◆ Problem requirements ◆
Word for word, the data below must be repeated in full; no picture is to be included.

-------

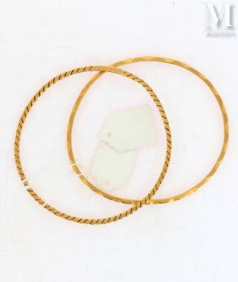 Deux bracelets en or jaune 18k (750 millièmes), l'un torsadé, l'autre à décor ciselé.
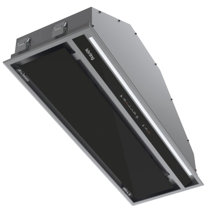 Вытяжка, встраиваемая в потолок, часто устанавливается над кухонным островом в просторной кухне и отличается достаточно высокой мощностью: она может работать как в режиме рециркуляции, так и в режиме отвода, так как воздуховод также скрыт в потолке. Вытяжки могут монтироваться в подвесной потолок либо устанавливаться в специальные многоярусные конструкции из гипсокартона непосредственно во время ремонта кухни. Для управления ими используется пульт ДУ.
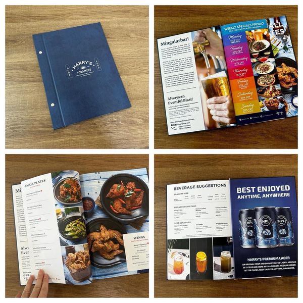 搜索关键词 menu printing, restaurant menu, cafe menu, digital printing services, custom menu design, myanmar printing, food menu design, professional menu, menu service, gs printing优势 High-quality digital press printing,Variety of paper and cover options (Artcard, Matte, Kraft, Leather, Canvas),Customizable designs and formats,Fast turnaround time,Nationwide service with cargo shipping
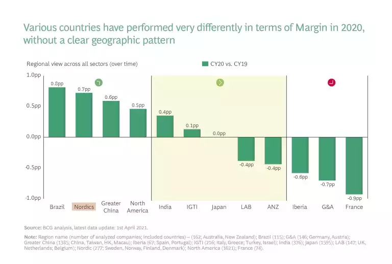 Going to the next level of granularity we have realized that there are significant performance differences not only when comparing various industries or geographies, but even within regions. The Nordics represents an excellent case study of how the four countries in the region dealt with the challenges of the year 2020. For example, at a regional level we see that all four Nordic countries managed to improve their margins in 2020 vs 2019. However, where in Norway that increase was a mere 0.1 pp, Denmark led the way with a 0.7 pp improvement.
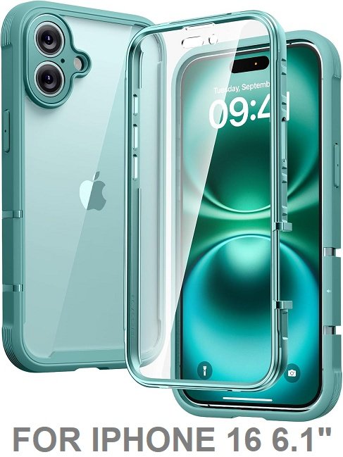 diaclara full body phone case with built-in touch sensitive anti-scratch screen protector - for iphone 16 6.1" - teal (model: 901BDIP16TQE)

-------

◆ Expected answer ◆
 Deux bracelets en or jaune 18k (750 millièmes), l'un torsadé, l'autre à décor ciselé.
 Вытяжка, встраиваемая в потолок, часто устанавливается над кухонным островом в просторной кухне и отличается достаточно высокой мощностью: она может работать как в режиме рециркуляции, так и в режиме отвода, так как воздуховод также скрыт в потолке. Вытяжки могут монтироваться в подвесной потолок либо устанавливаться в специальные многоярусные конструкции из гипсокартона непосредственно во время ремонта кухни. Для управления ими используется пульт ДУ.
 搜索关键词 menu printing, restaurant menu, cafe menu, digital printing services, custom menu design, myanmar printing, food menu design, professional menu, menu service, gs printing优势 High-quality digital press printing,Variety of paper and cover options (Artcard, Matte, Kraft, Leather, Canvas),Customizable designs and formats,Fast turnaround time,Nationwide service with cargo shipping
 Going to the next level of granularity we have realized that there are significant performance differences not only when comparing various industries or geographies, but even within regions. The Nordics represents an excellent case study of how the four countries in the region dealt with the challenges of the year 2020. For example, at a regional level we see that all four Nordic countries managed to improve their margins in 2020 vs 2019. However, where in Norway that increase was a mere 0.1 pp, Denmark led the way with a 0.7 pp improvement.
 diaclara full body phone case with built-in touch sensitive anti-scratch screen protector - for iphone 16 6.1" - teal (model: 901BDIP16TQE)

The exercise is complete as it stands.